BEGIN SOURCE DATA

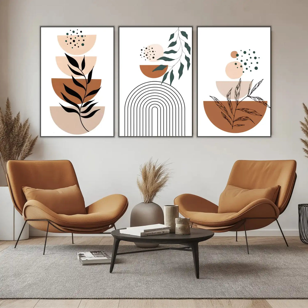 Tableau minimaliste avec formes géométriques beige et marron, motifs de feuilles noires, ambiance sereine pour salon moderne.
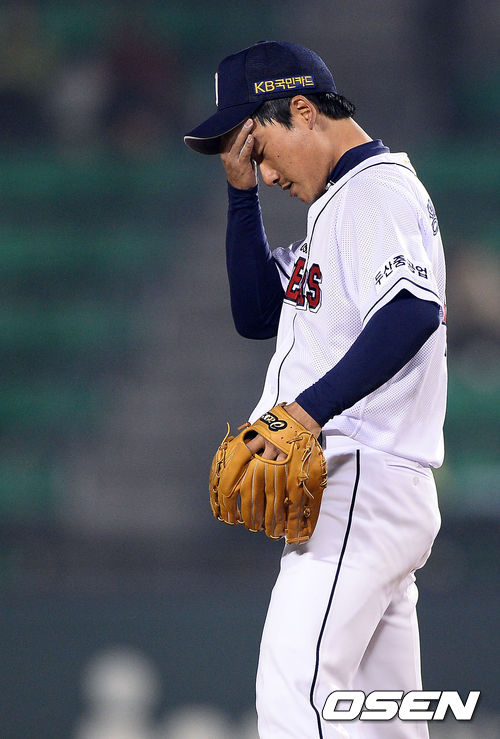 4일 오후 서울 잠실구장에서 열린 2013 한국야쿠르트 세븐 프로야구 두산 베어스와 SK 와이번스의 경기, 8회초 ⅓이닝 동안 4피안타를 허용한 두산 정재훈 투수가 땀을 닦고 있다
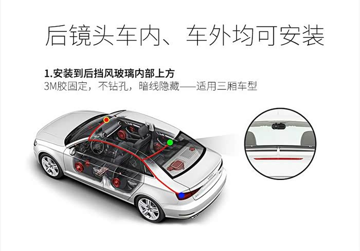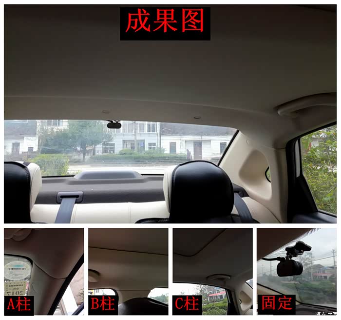 一:从前档顶棚依次走A-B-C柱上方直接到后档的顶棚中间位置,然后固定后摄像头就可以了,全程走线可以全部隐藏。
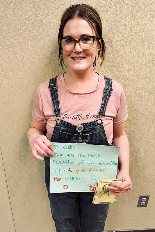 Cathy Butenhoff, head cook at Ellen Hopkins Elementary reflected on the week with this note to her students, "Thank you for your beautiful pictures and letters. To answer some of your questions, we get up at 4:30 am every morning to get your breakfast and lunches ready. We love what we do and laugh a lot. We are as old as you think. Have a great day!"

END SOURCE DATA

INSTRUCTIONS FOR THE TASK: The copy should hold, exactly, the lines from the one containing "4일 오후 서울 잠실구장에서" to the final line of the listing above, with both ends present and no pictures.

ANSWER SECTION:
 4일 오후 서울 잠실구장에서 열린 2013 한국야쿠르트 세븐 프로야구 두산 베어스와 SK 와이번스의 경기, 8회초 ⅓이닝 동안 4피안타를 허용한 두산 정재훈 투수가 땀을 닦고 있다
 一:从前档顶棚依次走A-B-C柱上方直接到后档的顶棚中间位置,然后固定后摄像头就可以了,全程走线可以全部隐藏。
 Cathy Butenhoff, head cook at Ellen Hopkins Elementary reflected on the week with this note to her students, "Thank you for your beautiful pictures and letters. To answer some of your questions, we get up at 4:30 am every morning to get your breakfast and lunches ready. We love what we do and laugh a lot. We are as old as you think. Have a great day!"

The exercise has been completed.